En el marco de estas tendencias, el trabajo, al igual que otras esferas de la vida, se reorganiza y se modifica. A las ya mencionadas nuevas formas flexibles de contratación –evidentemente más individualizadas- con amplia vigencia en Argentina, se suma una organización de los procesos de trabajo cada vez más centrada en el individuo -en sus elecciones, metas y capacidades individuales-, en la que la interacción entre los sujetos tiende a reducirse y en su lugar se incentiva la competencia (Dejours, 2014). El sentimiento de incertidumbre y soledad derivado del proceso de individualización de la vida se ve así reforzado por las reglas de juego impuestas en los espacios de trabajo que promueven una imagen del semejante como adversario. Por otra parte, el carácter precario y acotado en el tiempo de las nuevas formas de contratación impide la construcción de una pertenencia al espacio institucional y/o a la comunidad de inserción.

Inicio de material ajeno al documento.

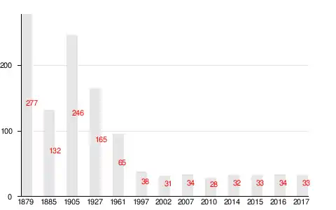 | 1879 | 1885 | 1905 | 1927 | 1961 | 1997 | 2007[16] |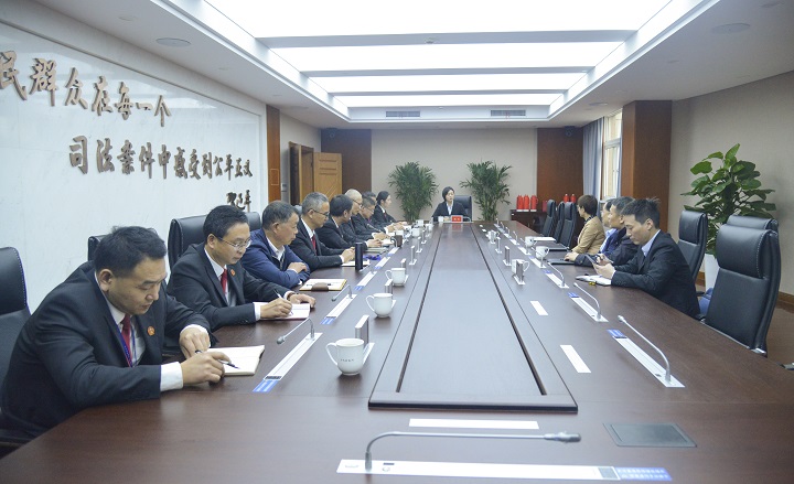 11月17日下午,市中院党组书记、院长马荣带领市中院党组成员、政治部主任张立群,政治部副主任朱志贤,办公室主任翁学超一行至我院调研指导司法辅助事务外包工作。我院党组书记、院长于立峰及其他领导班子成员陪同调研。
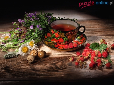 Herbata, Kwiaty, Jajeczka, Polne, Deski, Złocienie, Filiżanka, Bukiet, Bratki, Maliny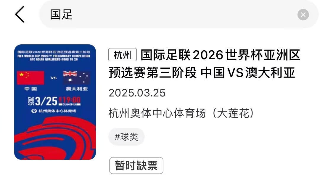 有钱也买不到了!黄牛平台显示,国足vs澳大利亚已缺票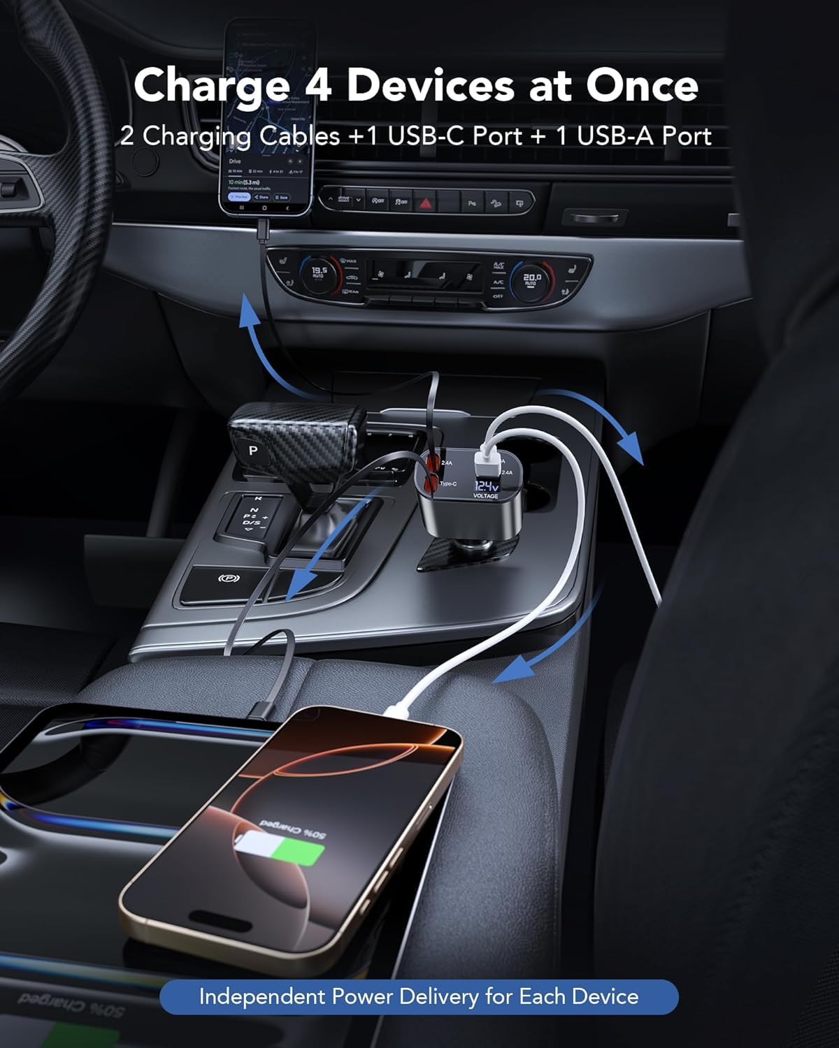 Upgraded 4-1 Fast Charging Solution: With a real PD30W type-C retractable cable(Yellow fast charging port), an IOS retractable cable, and additional USB-C and USB-A ports, this fast charge retractable car charger supports fast charging for up to 4 devices simultaneously. Say goodbye to the hassle of carrying multiple chargers for your different devices.【This car charger is only for charging, and cannot be used for CarPlay】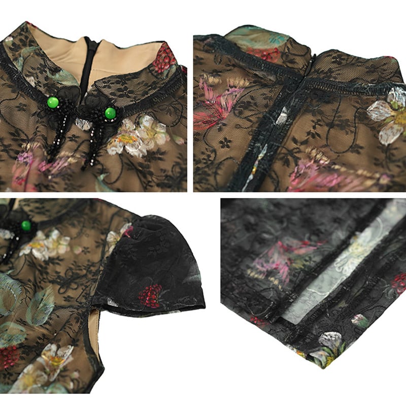 【夕暮薔薇シリーズ】ワンピース レトロ チャイナ風 レース セクシー パプラム ブラック S M L XL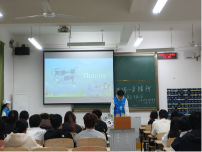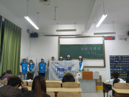 班会上,赤商追光者志愿服务队成员以“历史回眸+精神解读”的方式,生动讲述了邓稼先隐姓埋名二十八载、钱学森突破重重阻挠归国等感人故事。这些鲜活事例将“热爱祖国、无私奉献,自力更生、艰苦奋斗,大力协同、勇于登攀”的“两弹一星”精神生动展现在同学们面前,引发了深刻共鸣。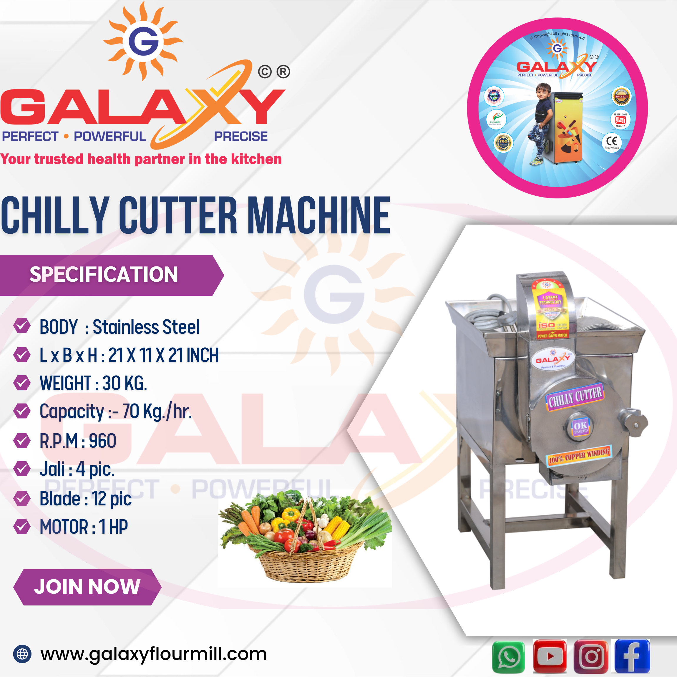 As a reputed Chilly Cutter Machine Manufacturer in Bhopal, Galaxy Flour Mill & Food Machinery provides high-quality machines for domestic and commercial use. Our products are widely used in hotels, restaurants, and canteens across Madhya Pradesh for their durability and efficiency. Built with stainless-steel blades and copper winding motors, our chilly cutters ensure sharp cutting and energy savings. With affordable pricing and nationwide supply, Galaxy is a trusted brand in Bhopal. 📞 Contact us at 98257 29601 | 98257 29607 for the best chilly cutter machines.

Esto se refleja en una menor predisposición por parte de los trabajadores para establecer vínculos con los colegas, comunicarse entre sí y compartir la experiencia y los saberes construidos que, ante la inminencia de perder el puesto laboral, pasan a adquirir un valor de “moneda de negociación” para próximas relaciones laborales. El deterioro de la interacción social en los espacios de trabajo afecta, asimismo, los procesos de construcción de identidades individuales y colectivas. Espacios de contención como los partidos políticos, gremios o sindicatos, que constituían anteriormente instancias de discusión, debate y organización en un intercambio
presencial “cara a cara”, parecen estar siendo suplantadas en gran medida por espacios de otra índole, como las comunidades virtuales de trabajo o las “redes sociales”, cuyas modalidades de interacción plantean nuevos límites –a la vez que desafíos- a la comunicación y la organización colectiva de los trabajadores.
En las nuevas condiciones económicas y sociales derivadas de la crisis de la sociedad salarial -afirma Dubar (2011)- las instancias colectivas, de manera general, se desdibujan, dando lugar a nuevas coordenadas de diferenciación y a nuevas condiciones de construcción de la identidad24. Las antiguas identidades, basadas en el puesto laboral o la carrera, estallan, y, en su lugar, son las biografías y trayectorias individuales, así como también los vínculos en el espacio de trabajo, los que sostienen y posibilitan a los sujetos la construcción de una identidad profesional.
De acuerdo a Sennet (2000), la flexibilidad constituye no sólo una modalidad de las organizaciones sino un rasgo de época, cuyas principales aristas son el dinamismo, la versatilidad y la no-linealidad. Según este autor, en la actualidad el cambio, antes integrado de manera coherente a un relato lineal, aparece como ruptura, determinando la discontinuidad entre presente y pasado y afectando la construcción de relatos -vale decir, la capacidad narrativa de los sujetos. Esto conlleva grados cada vez mayores de incertidumbre.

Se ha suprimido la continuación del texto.